Классе в восьмом я съездил на экскурсию в Троице-Сергиеву лавру и купил там алюминиевый крестик, который стал носить на цепочке. Особо религиозным я никогда не был, так что это была, скорее, своего рода «фига в кармане» по отношению к государству, где, как известно, одной из главных идеологических догм являлся «научный атеизм». На этой почве у меня произошел громкий инцидент с нашей директрисой. Но для начала следует сказать несколько слов о ней. Звали ее Тамара Павловна Абакумова. Тамара была ветераном войны, и не просто ветераном, а летчицей, бороздившей небесные просторы на истребителях в составе полка Марины Расковой. Как потом она стала директором школы, одному богу известно. Характер у нее был вспыльчивый, темперамент вполне соответствовал полученной военной специальности. Разговаривать просто она практически не умела, и буквально минуты через две абсолютно любой разговор переходил в жуткий ор. Входя утром в двери школы, вполне можно было слышать, как Тамара вопит на кого-то этаже эдак на третьем. Уловив издали переливы ее незабываемого меццо-сопрано, все предпочитали если не раствориться в воздухе, то по крайней мере ретироваться в более безопасное место как можно быстрее.
В тот день у нас было комсомольское собрание – как всегда, нудное, длинное и до невероятности пустое. Смыться с него не удалось, поскольку Тамара самолично встала на выходе из школы и принялась следить, чтобы старшеклассники не улизнули с мероприятия.
Отсидев половину этой тягомотины, я впал в совершенное уныние и машинально принялся теребить висящий у меня на шее крест. Через некоторое время мой сосед предостерегающе пихнул меня в бок локтем. Обернувшись, я увидел, что ко мне, как говорится, на бреющем полете, приближается Тамара. Выражение ее лица не предвещало ничего хорошего. Быстро сняв с шеи крест, я спрятал его во внутренний карман пиджака. Подойдя вплотную, Тамара прошипела:
– Давай сюда!
Я непонимающе уставился на нее, всем своим видом показывая, что не имею ни малейшего представления, о чем идет речь.
– Дай сюда немедленно! – повысила голос Тамара.
Я опять скорчил физиономию иностранца, к которому на улице вдруг обратился прохожий на непонятном языке.

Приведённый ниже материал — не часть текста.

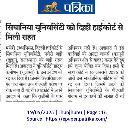 PhD Programs at Singhania University restarted following Hon’ble Delhi High Court’s approval September 19, 2025 Anju Gupta 0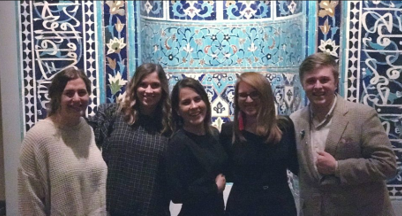 The GCWAC team at the Cincinnati Art Museum for Art after Dark for the first staff outing! Here we are standing in front of the Mihrab (prayer niche) that was formed in the late 15th or early 16th century in Iran or Central Asia. Devout Muslims pray five times a day while kneeling toward Mecca, Islams Holy City and the site of Allah’s revelation to the prophet Muhammad. Every mosque and prayer niche (like this one) faces in a specific direction. The niche itself commemorates the spot where the prophet stood while leading in congregational prayer.

– Из кармана доставай! – начала терять терпение директриса.
Я залез в карман и принялся возмутительно медленно копаться в нем. Наконец мне удалось отцепить крест от цепочки. Оставив его в кармане, я вынул цепочку и отдал Тамаре. Это окончательно вывело ее из себя.
– А ну, давай крест сюда! – взвизгнула она. – Остановите собрание!

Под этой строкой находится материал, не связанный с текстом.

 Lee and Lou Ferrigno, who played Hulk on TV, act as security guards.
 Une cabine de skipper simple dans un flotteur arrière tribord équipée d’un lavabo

Собрание остановилось, и весь актовый зал уставился на меня.
– Давай сюда сейчас же! – уже не сдерживаясь, заорала Тамара.
– Зачем? – поинтересовался я.
Дальнейшая тирада была столь же громка, как и ужасна. Честно говоря, лавры Джордано Бруно меня никогда не привлекали. Галилей мне всегда казался гораздо умнее. Достав крест, я отдал его Тамаре. Та еще некоторое время разорялась на предмет того, что комсомольцы позволяют себе носить на шее предметы религиозного культа и участвовать в крестном ходе на Пасху. Потом переключилась на девиц, которые носят в школе сережки и даже (о, ужас!) красят ресницы. Постепенно она выпустила пар и, успокоившись, села на место. Прерванная комсомольская тягомотина возобновилась и продолжалась еще часа полтора.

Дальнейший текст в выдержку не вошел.